Government pleas for cooperation
National health authorities claim there is no reason for the local regulations, and both Prime Minister Erna Solberg and Justice Minister Monica Mæland have implored the local officials on national TV to drop their quarantine rules. Most have refused to do so, claiming their main priority is to keep the Corona virus out of their so-far virus-free communities.
Then the national media pounced. “No one should have to be put in quarantine because they’ve gone to a Vinmonopolet (state liquor store) in another town,” editorialized newspaper Aftenposten earlier this week. It blasted all the townships in the Helgeland region of Nordland, for example, that have imposed their own rules that have “major negative consequences” for local business.
Newspaper Dagens Næringsliv (DN) also criticized the local regulations that threaten an otherwise strong sense of national unity at present. DN specifically criticized the county governor of Møre og Romsdal from the Labour Party, Rigmor Brøste, for refusing to flat out order the county’s local municipalities to drop their disruptive quarantine rules.
A county governor (fylkesmann) in Norway functions as the state government’s and monarch’s representative, meaning Brøste was ignoring if not defying government policy. She responded that in allowing enforcement of local quarantine rules even in relatively large cities like Molde, Ålesund and Kristiansund, she was simply responding to local concerns, noting that limiting the spread of the virus is also the state’s “job number one.” Of Møre og Romsdal’s 26 kommuner, only three were following the state government’s advice this week.
Brøste won support from the Labour Party itself, whose health policy spokesperson said she could understand the reasons for the strict local quarantine rules in Northern Norway. The entire northern region only has intensive care facilities for 26 people at a time. Maintaining low levels of Corona infection, the party argued, can give local authorities more time to boost medical faciities.

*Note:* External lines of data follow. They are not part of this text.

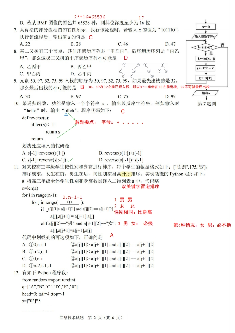 高三下信息选考练习卷(二十二)第一部分信息技术(共50分)一、选择题(本大题共12小题,每小题2分,共24分。每小题列出的四个备选项中只有一个是符合题目要求的,不选、多选、错选均不得分)L.下列有关数据、大数据和信息的说法正确的是(A)A.同一数据在不同语境中承载的信息可能不同B.数据在计算机中可以采用十六进制方式进行存储C.信息的保存和传播必须依附于载体,信息的价值永恒不变D.若数据库中的数据量特别庞大,这样的数据就可以称为大数据2.下列关于人工智能的说法,正确的是(B)深度学习:人、人的智能自然语言、语音识别、图像识别、视频处理A.在混合增强智能中,机器智能是整个智能回路的总开关B.深度学习在自然语言处理、语音识别和视频运动提取等领域表现良好多帧图像C.某人工智能系统在自我博弈中不断提升自身智能和效率,这属于符号主义D.人工智能技术的发展只依赖于计算机科学和数学,无需其他学科的支持阅读下列材料,回答第35题:浙考交流某共享电瓶车租赁系统的工作原理:用户通过手机APP扫描共享电瓶车上的二雏码,获取电瓶车的唯一编码并发送给云端服务器。云端服务器在验证用户身份和口令后,会向车控终端发送解锁命令。车控终端接收到解锁命令后,通过电控锁机制实现车辆的解锁。用户骑行结束后,车控终端检测到锁车动作后,会向云端服务器发送信号,云端服务器根据骑行时间计算贵用,并通知用户。3.下列关于该共享电瓶车系统的组成说法不正确的是CA.电控终端和扫码用的手机都属于该系统的硬件B.共享电瓶车的维修人员属于该系统的用户/信息系统相关的所有人员都是系统的用户C.手机APP以及手机上安装的操作系统组成了共享单车的软件+服务器上的软件D.共享单车的唯一编号,开锁密码等都属于该信息系统中的数据4.下列关于该共享电瓶车系统应用的说法正确的B摄像头扫码支付没有适用NFC技术,A.结算时使用支付宝支付应用了NFC技术扫校园卡、身份证用REID技术,B.用户的身份和账户等数据存储在数据库里NFC偏向于两个终端相互通信C.用户扫描二维码获取编码的过程体现了信息的编码D.根据骑行时间计算费用体现了信息系统的数据传输功能5.下列关于该信息系统安全的说法,正确的是DA.该信息系统只需要维护和升级服务器端B.对口令进行加密是为了保证系统数据的完整性C.在内网和外网之间构造防火墙可以完全避免非法用户入侵D.给管理员和普通用户设置不同的用户权限,体现了访问控制机制6.下列有关数字化及数据编码的说法正确的是CA.模拟信号转为数字信号的过程中不会产生失真连续曲线变为离散(一个个点),会存在失真B.不能通过采样、量化和编码的方式将图像信号数字化C.在相同的采样频率下,提高量化位数能提高音频的质量信息技术试题第1页(共6页)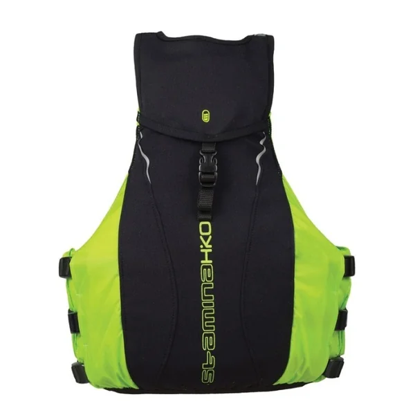 Gilet kayak Hiko Stamina – 50N | XS L’un des principaux avantages est le profil extrêmement bas du panneau avant qui permet au pagayeur de disposer d’une gamme complète de mouvements sans contrainte. Les bretelles sont en néoprène souple. Cachés à l’intérieur des panneaux d’épaule, deux sangles haute tension garantissent que le gilet respecte toutes les normes de sécurité. Stamina est équipé d’une paire de trois sangles réglables; les lanières s’assurent que le gilet s’adapte bien au corps et ne glisse pas lorsque vous pagayez. Il y a une grande poche frontale à l’avant ainsi que deux petites poches pour réchauffer vos mains froides. La grande poche arrière peut contenir une vessie et des crochets placés à des endroits stratégiques maintiennent le tube à boire en place. Il y a des éléments réfléchissant sur le dos et les épaules. Caractéristiques Gilet kayak Hiko Stamina – 50N | XS
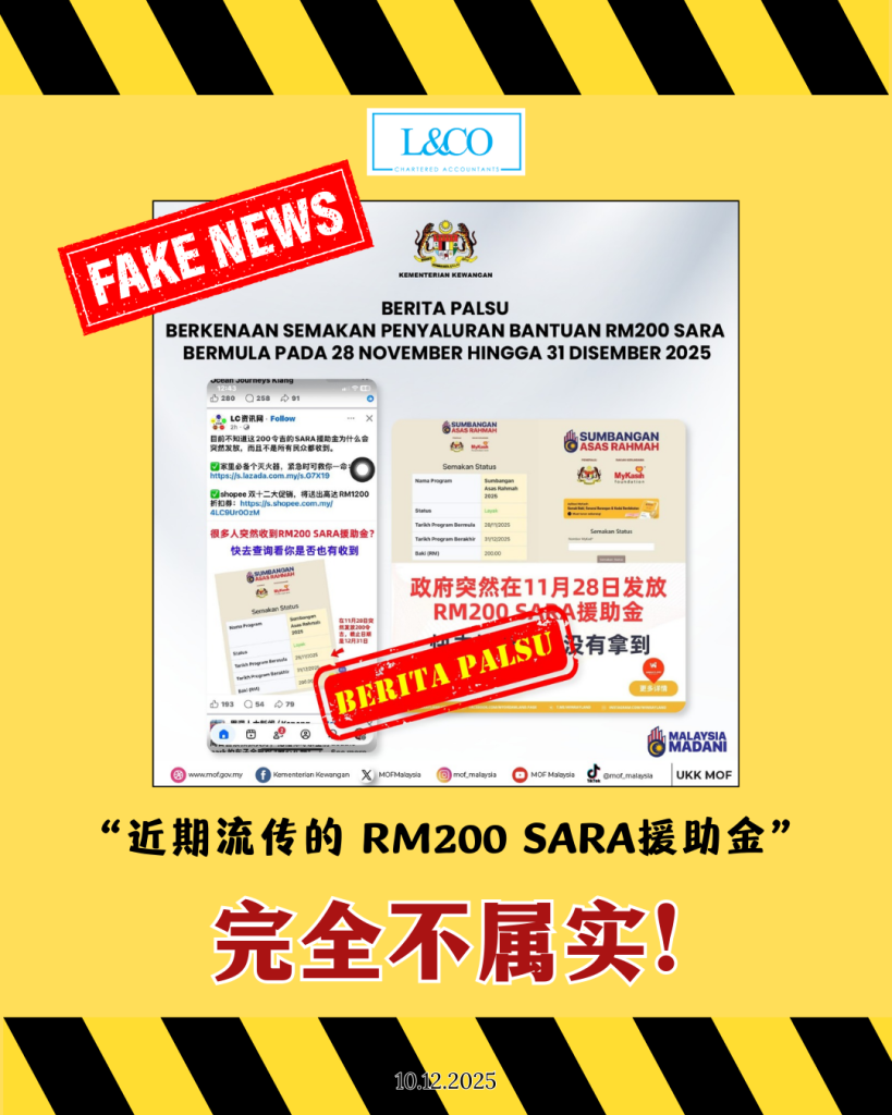 马来西亚财政部已正式澄清: 近期流传流传的“11月28日发放 RM200 SARA 援助金”完全不属实,是虚假信息! 所有声称可即时查询、领取援助金的网站链接皆为假冒页面。 请勿点击可疑链接、填写个人资料或提供银行信息。 官方援助资讯只通过官方渠道发布: Kementerian Kewangan Malaysia MOF Malaysia 官方网站与社交媒体 **资料更新于10.12.2025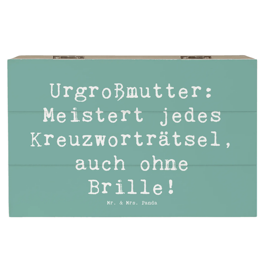 Du suchst das perfekte Geschenk für die Urgroßmutter oder möchtest eine besondere Erinnerung an sie bewahren? Unsere wunderschöne Holzkiste von Mr. & Mrs. Panda ist die ideale Wahl! Mit dem bezaubernden Spruch "Urgroßmutter: Meistert jedes Kreuzworträtsel, auch ohne Brille!" bringt sie die warmen Erinnerungen an die Zeit mit der Urgroßmutter zurück.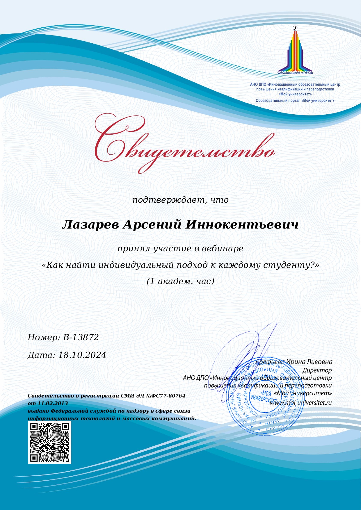 Свидетельство участника вебинара "Как найти индивидуальный подход к студенту?" (образовательный центр "Мой университет", 18.10.2024)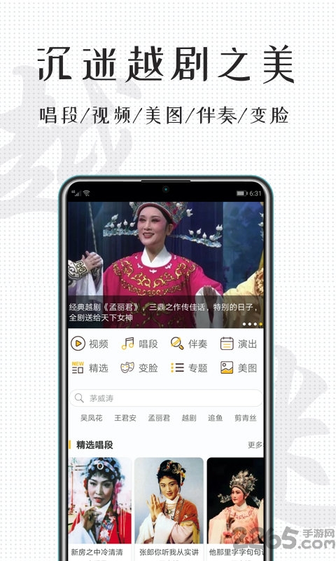 戏曲戏剧大全,戏曲唱段视频大全,戏曲唱腔身段舞蹈教学大全,学戏唱戏伴奏大全,高品质戏曲库传承传统文化。拥有经典戏曲唱段音乐、精彩戏曲视频、精选伴奏唱词、精美剧照、戏曲换装变脸游戏等丰富的越剧戏曲资源,是您休闲娱乐的好伴侣。越剧迷支持列表播放和单曲循环,可以作为工作学习、悠闲娱乐、放松冥想、运动健身、瑜伽广场舞的背景音乐,也可以作为汽车CD播放,是开车必备音乐。
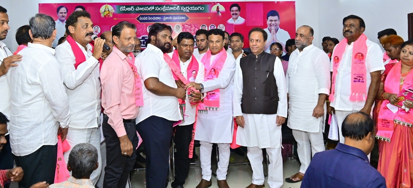 نظام آباد:23/جنوری (اردو لیکس)حرکیاتی نوجوان وسماجی کارکن مسٹر شیخ سمیع الدین نے اپنے سینکڑوں مردوخواتین کے ہمراہ آج بی آر ایس پارٹی دفتر پہنچ کر صدر ضلع اقلیتی سیل نوید اقبال کی قیادت میں سابق رکن اسمبلی نظام آباد اربن بیگالہ گنیش گپتا کے ہاتھوں کھانڈوا پہن کر بی آر ایس پارٹی میں شمولیت اختیار کرلی۔

Hans Petter Graver, a law professor at the University of Oslo and one of Norway’s most highly respected legal experts, has claimed that the local quarantine rules are illegal because they limit residents’ freedom of movement within the country. He pointed out that police can’t legally enforce such regulations. Other legal experts, however, have argued that local rule has a strong position in Norway and that local officials have the power to do what they think is best for their local communities.

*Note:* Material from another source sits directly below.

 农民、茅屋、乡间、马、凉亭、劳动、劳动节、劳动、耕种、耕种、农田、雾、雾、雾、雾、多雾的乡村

Calls were going out this week for Mæland, as justice minister, to simply order local officials to follow the government’s guidelines. DN urged Mæland to do so this week: “The most sensible thing to do is follow the national strategy that’s based on national and international competence and advice.” DN reminded Mæland that Norway is fighting a “dual battle” against both the virus and its devastating effects on the economy.
With business leaders in Northern Norway now feeling the negative effects of shutdowns, support for the local rules may slack off and officials may realize they’re creating more problems for themselves. “We have to hinder development of many small kings around the country,” wrote commentator Kjell Werner in newspaper Dagsavisen on Thursday. “In a crisis like we have today, the national state must show itself from its best side,” even if that means forcing local authorities to follow national regulations. All the local regulations, Werner argued, have created “unnecessary tension between local and national authorities.”